Ball Python Shedding Process

by The Walrus on August 14, 2018, no comments

The Shedding Process
By: Daniel Hill (Source:

The process by which a reptile sheds its skin is called ecdysis. This process may last from 9-14 days depending on the reptile. Unlike lizards that generally shed in pieces, snakes will shed in one single piece if provided the proper conditions. A lot of first time ball python owners may panic at the signs of their snake’s first shed because they do not know what is happening to their animal. In the following paragraphs, I will cover some of the main shedding topics and present pictures to help keepers get a visual image of what shedding looks like. I also have a short video clip of a yearling female ball python that I caught shedding.

The process of shedding generally involves several steps. These steps will be outlined in the paragraphs and pictures below. I put times on these steps based on my visual observations and ball python records; however, the start of the shedding process may not be easily recognizable in some instances and the times may vary by a day or two. This is just a general guide and not a standard.

Day 1-2: Dull skin with a slightly pink belly

This step of the shedding process can vary from snake to snake. I have a few ball pythons that get the dull appearance but generally never show a pink belly; but, I have others that are dull with a very pink belly. Sometimes the ball python’s eyes will become darker or dull in this step. Ball pythons get very shy during shedding time. It is not uncommon for ball pythons to remain in their hide throughout the entire process. The pictures below show the dull appearance and pink belly. Click on the pictures to enlarge.

This young female ball python is just beginning the shedding process. She appears darker than normal and the dulling can really be seen in her side at the top left of the photo.

This is the same female from above. Her belly has only a slight pink tint to it but the dull appearance is shown really well on her sides.


The very beginning of the shedding process may be subtle in some ball pythons. This is the same female as in the above pictures.


This is another female that is about to enter the next stage. Notice how her eyes have begun to get cloudy. This female also demonstrated a great example of ‘pink belly’.


This is a belly shot of the female above. In both pictures, a wrinkle of skin can be seen around her neck. I have noticed that skin winkles may sometimes show in shedding ball pythons. This may be the result of dehydration, so make sure that clean water and proper humidity are provided.


Days 3-7: Opaque or In-blue

This step of the shedding process is the most easily recognizable. The eyes turn a grey/blueish color and the skin becomes very dull and faded. This step is caused by fluid buildup between the new and old skin layers. At this stage of the shedding process, handling or feeding ball pythons is not a recommended action. The opaque eyes may cause the ball python to strike defensively at both you and the prey item. During this time, the ball python is visually impaired and can also become stressed due to excess activity. Imagine yourself being tossed around and having animals running around near you, but you can’t see. That could be a stressful situation for any creature. Below are several pictures of my ball pythons in this step of the shedding process. Click on the pictures to enlarge them.

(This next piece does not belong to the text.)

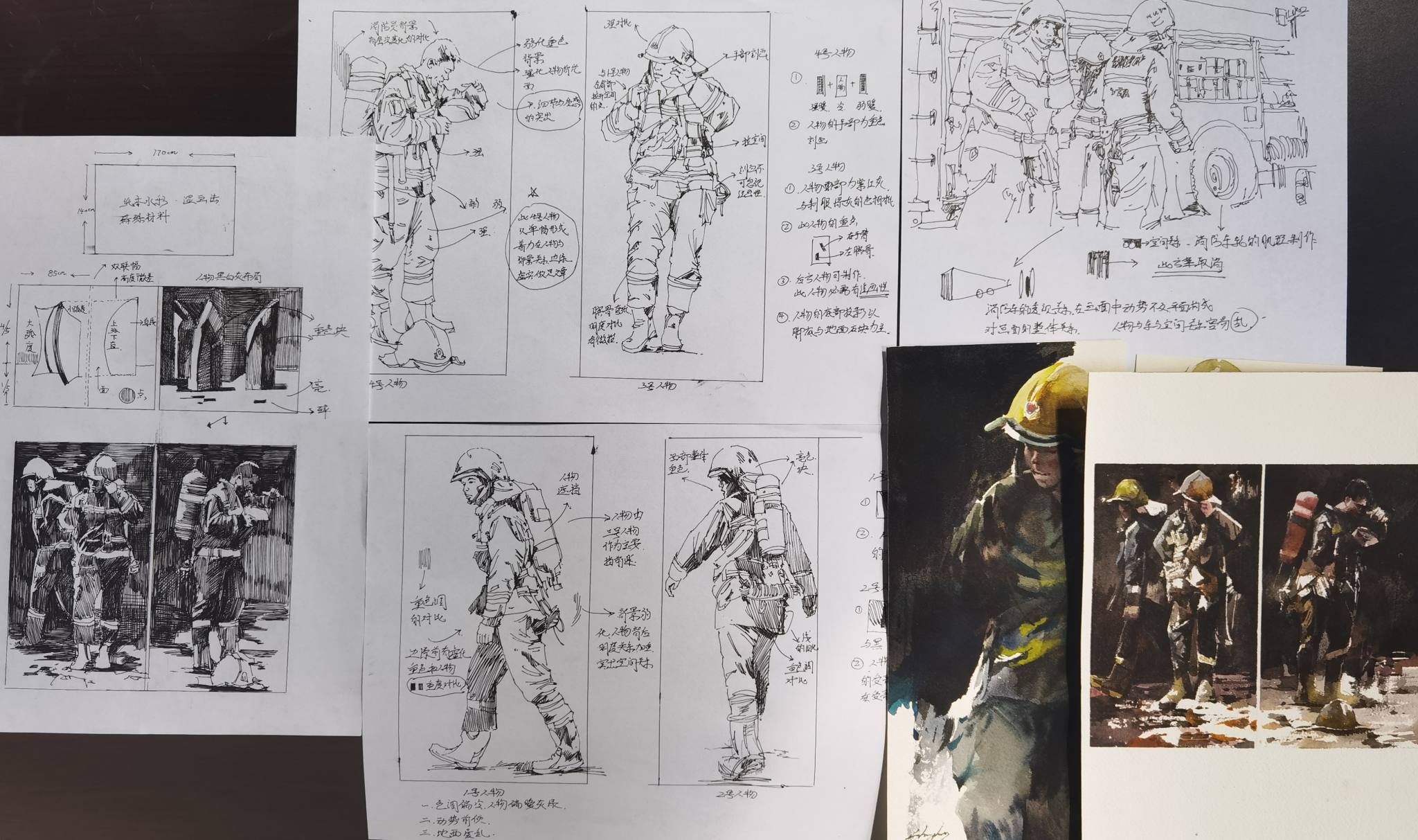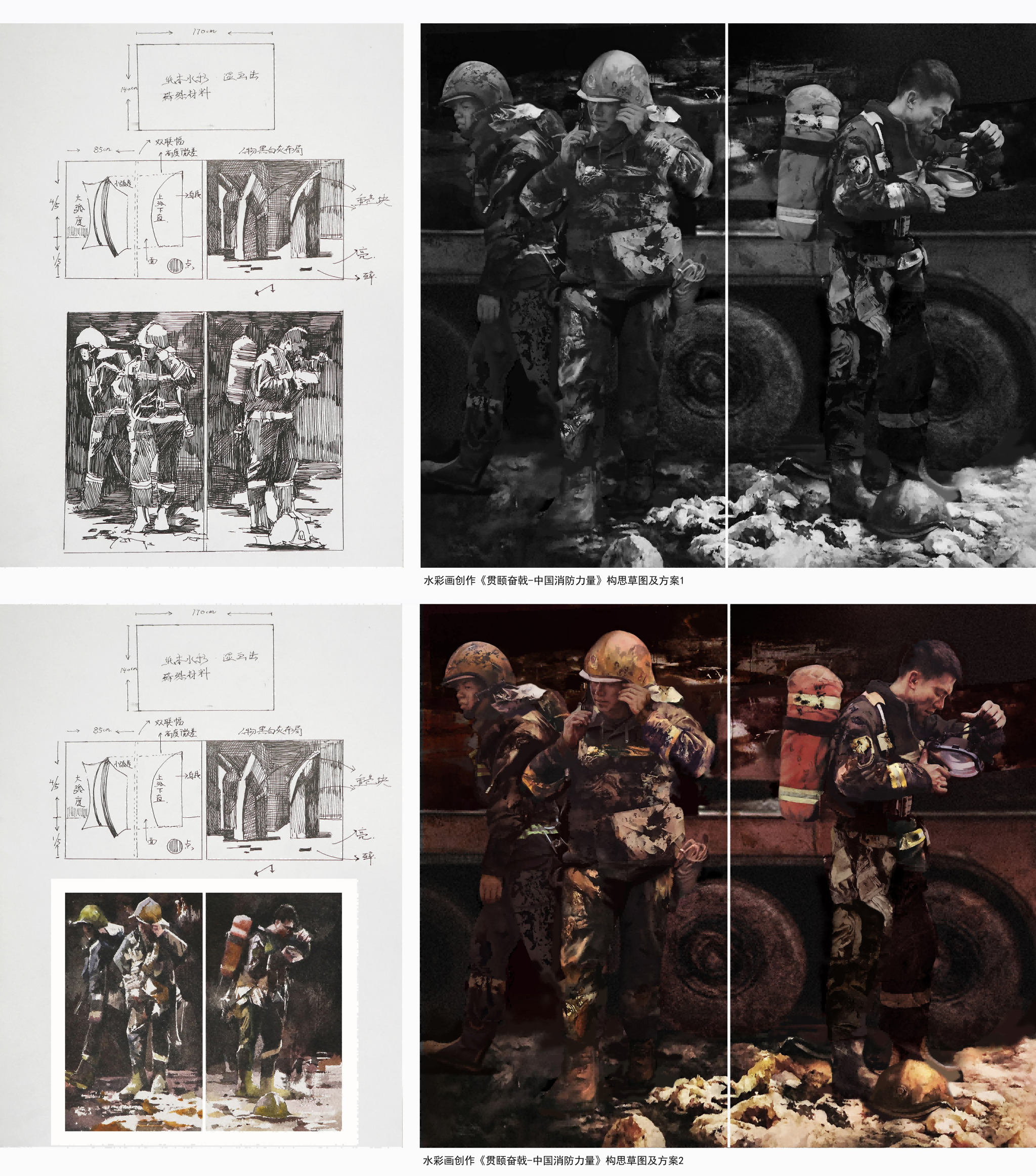 《贯颐奋戟-中国消防力量》水彩画作品是即“第十三届全国美展”进京、“第十五届全军美展”入选、中国人民革命军事博物馆收藏、2020国家艺术基金美术创作项目的水彩画创作《烈火雄心-中国消防力量》后,创作的第二幅此系列作品。

This is a normal female that has just become opaque. Her eyes are slightly blue and she is developing the faded appearance.


This is the same female in the pictue above.


This is another female that was angry with me for opening her enclosure. I was changing her water, but the movement around her caused her to get very defensive. She actually struck at me several times. This is one of the reasons that ball pythons should not be handled at this time.


The same female as in the picture before. Like most ball pythons during shed, she is comforted by her hide and will remain there throughout the process.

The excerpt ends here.